From Arista, Tarquin progressed to WEA where he signed The Associates and helped bring success in the UK to Prince, Madonna, Shalamar, and many other American-signed acts at WEA. In the mid-1980s, he moved to management and built up a stable of hit acts including The Beat, Stephen Duffy, The Dream Academy, Hugh Harris, General Public and XTC. Since most of these acts sold especially well in the USA, he found himself frequently in Los Angeles and it was there that, through his friend Kelly Le Brock, he met the director and writer John Hughes.
For the next seven years he continued to manage but also to music supervise most of John Hughes' films such as Some Kind of Wonderful, She's Having a Baby (Alex Baldwin), Uncle Buck, (John Candy), Planes, Trains and Automobiles (Steve Martin and John Candy). He also supervised music for the first few episodes of the hit TV series The Wonder Years, and added some American acts to the management roster including Roger McGuinn of the The Byrds, and The Horseflies.
From 2005, Tarquin managed Jon Lord, the founding member of Deep Purple until his death in July 2012. He also managed Marcus Foster whose song he included in the comedy Five Dollars a Day directed by Nigel Cole and starring Christopher Walken. Tarquin currently manages Brian Johnson from AC/DC - helping to get his book Rockers and Rollers published by Michael Joseph in the UK and Harper Collins in the US, as well as making a radio series of the same name for BBC Radio 2.
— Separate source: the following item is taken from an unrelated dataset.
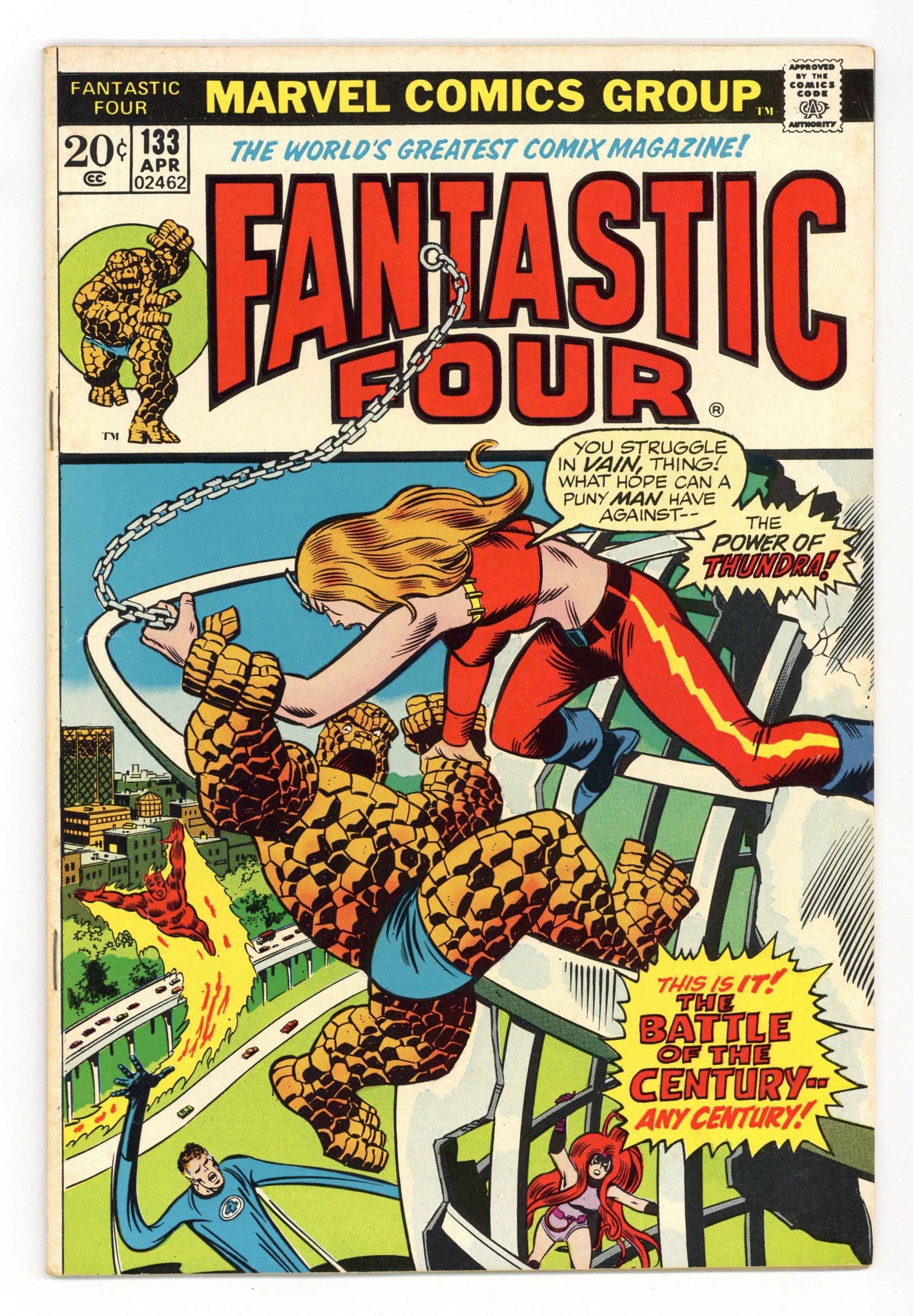 National Diamond Sales Advertisement Insert Variant. "Thundra at Dawn!" Guest-starring Thundra. Plot by Roy Thomas. Script by Gerry Conway. Pencils by Ramona Fradon. Inks by Joe Sinnott. Cover by John Buscema and Joe Sinnott. It's New Year's Eve in Times Square! Everyone is in a celebratory mood, except the Fantastic Four. Affairs of the heart are plaguing both Reed and Johnny, while Ben and his girlfriend Alicia are doing great! However, the Thing's fortunes change in a New York minute, when Thundra dramatically reappears at the stroke of midnight, challenges Ben to a fight, and kidnaps Alicia! What a set of revoltin' developments! The colossal confrontation between the two mighty warriors begins at Shea Stadium and ends at the Unisphere (from the 1964 World's Fair)! Can the blue-eyed idol of millions find the inner strength to bring down (the) Thundra? Cameo appearances by Captain America, the Hulk, Iron Man, Power Man, Spider-Man, Thor, Sandman, Trapster, and Wizard. (Notes: This is one of the very few issues that Ramona Fradon drew for Marvel. Gerry Conway begins his 20-issue scripting run on the Fantastic Four series. Thundra appears next in Giant-Size Super-Stars 1.) 32 pages Cover price $0.20. Cover price $0.20. Grade: VG/FN 5.0 explanation of grade Condition: Used (collectible)

Tarquin has a publishing company called NOT THEM AGAIN MUSIC which publishes music by Ranking Roger from The Beat and Kathryn Tickell (BBC Radio 2’s folk artist of the year 2014).
Film and television
In the early 1990s, Tarquin was asked by John Hughes to move to Chicago in order to run his film company, Hughes Entertainment. During the next three and a half years Tarquin was Executive Producer on 'Curly Sue', the last film directed by Hughes himself, 'Dutch', directed by Peter Faiman (the director of Crocodile Dundee) and two films directed by Chris Colombus; 'Only the Lonely' starring John Candy and the successful comedy film 'Home Alone'. Eager to return to his adopted home, Los Angeles, Tarquin spent the next two years working with John Candy developing various projects which unfortunately came to naught with Candy's untimely death.